Project Startup and Infrastructure Development 

Mosaic initiated Phase I by hosting a kickoff meeting with NHTSA’s technical point of contact (TPOC) to define project requirements and scope. The team established project timelines, reporting structures, and development milestones to align with NHTSA guidelines. To support the secure storage and computational needs for VILMAS, Mosaic provisioned cloud-based infrastructure using Amazon Web Services (AWS), ensuring that large-scale datasets and computationally intensive models could be processed efficiently. 

Data Collection and Aggregation for Language Models in Automotive Safety

To build robust AI models for Language Models in Automotive Safety, Mosaic aggregated and formatted multiple open-source datasets, selecting those most relevant to: 

  • Gaze dataset containing >37k annotated images for direction of gaze. This data includes 20 unique participants under different lighting conditions with an (x,y,z) gaze vector pointing from center-of-head to a location on a computer screen in front of the subject. This shall be used to create locus-of-gaze detection routines.    
  • KaggleEyes dataset containing >10k grayscale images of pre-cropped eye regions with a binary label of “open” or “closed”.     
  • UnityEyes dataset containing 3k red / green / blue (RGB) images of computer-generated eye regions of either “open” or “drowsy” eye where drowsy is defined to be 80% eye closure.    
  • StateFarmDistracted dataset containing >10k images in a vehicle environment with 11 categorical labels such as “texting”, “calling”, “hair/makeup”, and others.   
  • Karlsruhe Institute of Technology and Toyota Technological Institute (KITTI) Vision Benchmark with annotated frames and MS COCO (Microsoft Common Objects in Context) dataset for external object detection. This dataset is a large-scale object detection, segmentation, and captioning dataset.  It contains 80 classes of objects, several of which are of use in this context including person, car, bicycle, and motorcycle. These objects are typically included in diverse contexts within the dataset.   
  • For the lane detection algorithm prototyping we have downloaded and formatted the ONCE-3DLanes dataset. This dataset leverages images from the ONCE dataset, which includes images, light detection and ranging (LIDAR), and annotations for object detection and localization. The ONCE-3DLanes dataset provides annotations of the lanes within the images in the original set. The test set includes 8,000 images. 

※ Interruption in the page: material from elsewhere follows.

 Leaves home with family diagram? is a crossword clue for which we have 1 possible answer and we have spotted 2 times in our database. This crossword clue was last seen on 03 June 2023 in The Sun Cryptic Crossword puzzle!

Figure 1: Open-source dataset examples used in VILMAS 

These annotated datasets (Figure 1) were used to generate quantitative still-frame metrics to validate the models prior to future implementation on streaming video data. In parallel, Touchstone collected data to be used for experimental verification of these subsystems. This includes approximately 5h of streaming high definition (HD) video collected with the VBOX hardware.  

The platform, originally intended for motorsports applications providing both video data logging and optional telemetry in a single unified platform. More information and technical specification can be found at VBOX Motosports — which serves as a representative system of the type of hardware platform that wouldbe used in a deployed version of VILMAS. 

Attention Detection Algorithms for Language Models in Automotive Safety

Mosaic developed two primary systems for attention detection: one leveraging visual language models (VLMs) for driver activity recognition and another utilizing conventional gaze monitoring techniques.  

Visual Language Modeling for Driver Activity Recognition 

The VLM-based approach initially used a locally hostable LLaVA-NeXT model to generate natural language descriptions of driver actions, such as mobile phone use, eating, or adjusting controls. While effective at generating descriptive insights, this approach proved computationally expensive, requiring approximately two seconds per inference.  

 Figure 2:Touchstone data capture for VLM analysis 

To address this, Mosaic ATM explored using the Contrastive Language Image Pre-Training (CLIP) model to identify actions. Essentially, the full VLM (LLaVA-NeXT) combines an image-caption scoring model like CLIP with a large language model (LLM) for natural language question-answering. By directly using the image-caption model instead of the full VLM LLaVA, the team was able to quantify results with improved runtime efficiency. 

For example, in Figure 2, the image of a driver using a cell phone scores higher on the caption “person driving a car while using a cell phone” compared to the background caption “person driving a car” (0.5095 vs. 0.4905). The inverse is true for an image of a driver not using a cell phone (0.4912 vs. 0.5088). 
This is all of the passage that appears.